Use of W primers to detect efficiency of bisulfite reactions? - (Dec/06/2006 )
Hello there,
Long time reader, first time poster. I've been trying to get MSP to work for MONTHS, without success. Problem is, no one in my lab does MSP. I have read the literature and this forum to try to get some ideas. Whenever I do the PCR, I get NOTHING but primers in my lanes. 
First let me say that I decided long ago to try to get the reaction to work on plain ol' human genomic DNA. I'm using human placental DNA for an unmethylated control, and human placental DNA processed with SssI methylase for a methylated control.
One problem may be is that I am doing the bisulfite reaction without using a kit. I did try the low-melting point agarose bead method as suggested by labtechie, but it didn't work, either. I am using PCR primers described in the literature.
Well, my most recent thought is that perhaps my bisulfite reaction isn't working.... so I decided to try to design so-called "W-primers". In theory, these would amplify the relevant segment of DNA, if no C's had been converted to T's by the bisulfite reaction. I couldn't find any examples of known working W primers in the literature.
In designing these, I simply identified the DNA segment where the M and U primers bind, and made a primer there to anneal to the (non-bisulfite-modified) DNA.
The problem is, when I look at these primer pairs in MACVector, EVERY SINGLE one forms "self 3'dimers, self-duplexes, and hairpins." So I haven't ordered them yet.
ARGH! Does anyone have any suggestions of what to do next? Should I just go ahead and order a MethylEasy kit, and pray for some luck? Or should I go ahead and order these W primers? Also, I've just been using a standard Taq polymerase, but I notice that a lot of you recommend Jumpstart Taq. should I start there?
BTW, I'm not a basic scientist (as if you couldn't tell!). I'm just a hematology/oncology fellow trying to do "research"! and I'm getting really frustrated! 
hi methclueless and welcome to the forum!
The majority of problems occur due to inefficient primer design.
I have told many people to try and not follow primer sequences published in the literature, because I myself have found that they are not the best primers for the application.
ABI have released methylprimer express that, in my hands seems to do a very good job of picking efficient primers.
The bisulfite modification is a robust reaction and you should yield enough DNA for PCR.
Unfortunately the only way to determine you have DNA after conversion is by PCR and you need good primers to do so.
I am happy to have a look at them and see if they are suitable or not.

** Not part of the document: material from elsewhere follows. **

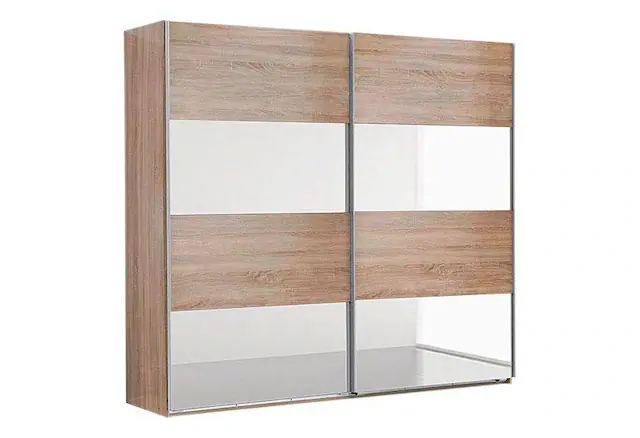 Der Wimex Schwebetürenschrank mit vielen Kombinationsmöglichkeiten ist individuell gestaltbar. Die Front des Kleiderschranks besteht aus mehrfach unterteilten Dekor- und Spiegelelementen, die beliebig montiert werden können. Es kann aus verschiedenen Breiten und Farben ausgewählt werden. Im Inneren präsentiert sich ein graues Leinendekor, das in Kombination mit der Außenoptik das Gesamtbild gekonnt abrundet.

As for the dimers and hairpins, many form at low temperatures (ie: temperatures well below in a PCR), i simply ignore them and make sure I perform PCR with a hotstart enzyme or perform a manual hotstart. And it seems to work just fine.
Good luck with it
Nick
Unfortunately the only way to determine you have DNA after conversion is by PCR and you need good primers to do so.
Nick
Hi, Nick
What kind of method you think is better for bisulfite modification? Now I am using the QIAGEN Epitect modification kit , (I also tried the Chemicon's CpGenome modification kit) but I could not get my band. Do you think this QIAGEN kit is good for modification? And in your experience, usually I should use how many ug genomic DNA to do modification?

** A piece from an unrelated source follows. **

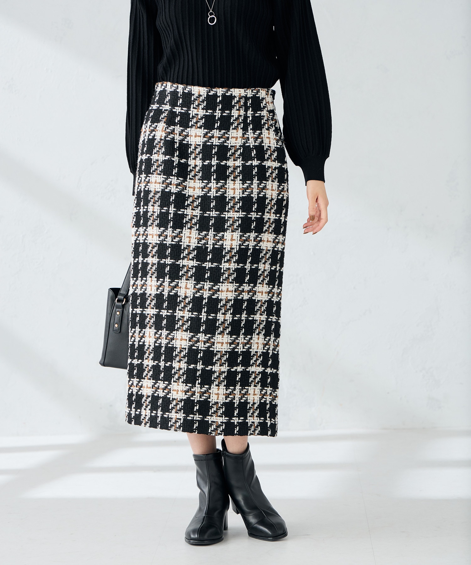 トレンドと上品さを両立するツイードチェックスカートはSサイズ着用でピッタリフィットですが生地がしっかりしているのでポッコリお腹カバーしてくれます

And I use the CpgWare software to design my MSP primers, until now I tried many times and could not get any band of my products, So do you ever try this software to design primer and do you think this one is reliable? Do you think I should redesign my primers using the ABI MethylPrimer Express software?
Thank you for your help
Pink
hi there pink,
I tend to perform homemade bisulfite conversion and this works very well, I have tried methyleasy (http://www.humangeneticsignatures.com) and have nothing but good things to say about it. Zymo's bisulfite kit works as well and my colleagues have now tried the epitect kit from qiagen and say it is easier with the column based methodology.
I think your issue lies within primer design, I have been picking primer's by eye and not required the use of a program although if you need to I would suggest you use ABI's methyl primer express. It seems to do a good job of picking appropriate primers.
good luck!
Nick
I tend to perform homemade bisulfite conversion and this works very well, I have tried methyleasy (http://www.humangeneticsignatures.com) and have nothing but good things to say about it. Zymo's bisulfite kit works as well and my colleagues have now tried the epitect kit from qiagen and say it is easier with the column based methodology.

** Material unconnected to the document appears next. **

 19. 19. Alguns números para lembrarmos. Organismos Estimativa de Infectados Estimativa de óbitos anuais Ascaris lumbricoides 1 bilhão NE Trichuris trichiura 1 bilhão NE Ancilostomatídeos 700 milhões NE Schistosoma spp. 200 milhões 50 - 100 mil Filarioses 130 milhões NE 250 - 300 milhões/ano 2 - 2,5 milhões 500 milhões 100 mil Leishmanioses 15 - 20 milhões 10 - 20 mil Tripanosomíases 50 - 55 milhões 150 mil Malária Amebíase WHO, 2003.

I think your issue lies within primer design, I have been picking primer's by eye and not required the use of a program although if you need to I would suggest you use ABI's methyl primer express. It seems to do a good job of picking appropriate primers.
good luck!
Nick
Thank you Nick,
I will try again and hope it will work.
Pink
I would also add that certain things like primer concentration, annealing temp, and #pcr cycles are variable when using a previously published primer set. Additionally, the thermocycler, pcr mix, can laso be a variable in reproducing these reactions. In most cases, people give little details in their methods sections, so this usually needs to be played around with.